To determine the type of collision, we need to look at whether kinetic energy is conserved in the collision. If kinetic energy is conserved, the collision is elastic. If kinetic energy is not conserved, the collision is inelastic.
To find out if kinetic energy is conserved, we can calculate the initial kinetic energy and the final kinetic energy:
Initial kinetic energy = (1/2)(8 kg)(20 m/s)^2 + (1/2)(48 kg)(5 m/s)^2
Initial kinetic energy = 1600 J + 600 J
Initial kinetic energy = 2200 J
Final kinetic energy = (1/2)(56 kg)(7.14 m/s)^2
Final kinetic energy = 1429 J
Since the initial kinetic energy is greater than the final kinetic energy, we know that kinetic energy is not conserved in the collision. Therefore, the collision is inelastic.
To solve this problem, we can use the principle of conservation of momentum, which states that the total momentum before a collision is equal to the total momentum after the collision.
First, let's calculate the initial momentum of the dog and the bicycle rider:
Momentum of the dog (Pdog) = mass of the dog (mdog) × velocity of the dog (vdog)
Pdog = 8 kg × 20 m/s
Pdog = 160 kg·m/s
Momentum of the bicycle rider (Prider+bicycle) = mass of the rider+bicycle (mrider+bicycle) × velocity of the rider+bicycle (vrider+bicycle)
Prider+bicycle = (48 kg + 8 kg) × 5 m/s
Prider+bicycle = 56 kg × 5 m/s
Prider+bicycle = 280 kg·m/s
The total initial momentum (Pinitial) is the sum of the dog's momentum and the bicycle rider's momentum:
Pinitial = Pdog + Prider+bicycle
Pinitial = 160 kg·m/s + 280 kg·m/s
Pinitial = 440 kg·m/s
Now, let's consider the collision between the dog and the bicycle. Since the dog rams and strikes into the spokes of the bicycle, we can assume this is an inelastic collision. In an inelastic collision, the two objects stick together after colliding.
Let the common velocity of the dog and the bicycle after the collision be vf.

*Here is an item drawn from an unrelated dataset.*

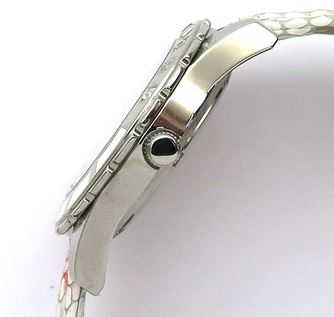 Bonett damearmbåndsur, ref. nr. 1214 i urkasse af stål. Hvid skive med arabertal, central og separat sekundviser samt day/date visning. Quartzværk. Urkasse diameter 40 mm. Hvid slangepræget læderrem med metalspænde.

According to the principle of conservation of momentum:
Pinitial = Pfinal
440 kg·m/s = (mass of dog + mass of rider+bicycle) × vf
Substituting the masses:
440 kg·m/s = (8 kg + 48 kg) × vf
440 kg·m/s = 56 kg × vf
Dividing both sides of the equation by 56 kg:
7.85 m/s = vf
Therefore, the common velocity of the dog and the bicycle after the collision is approximately 7.85 m/s.
Since the two objects stick together after colliding, the type of collision is an inelastic collision.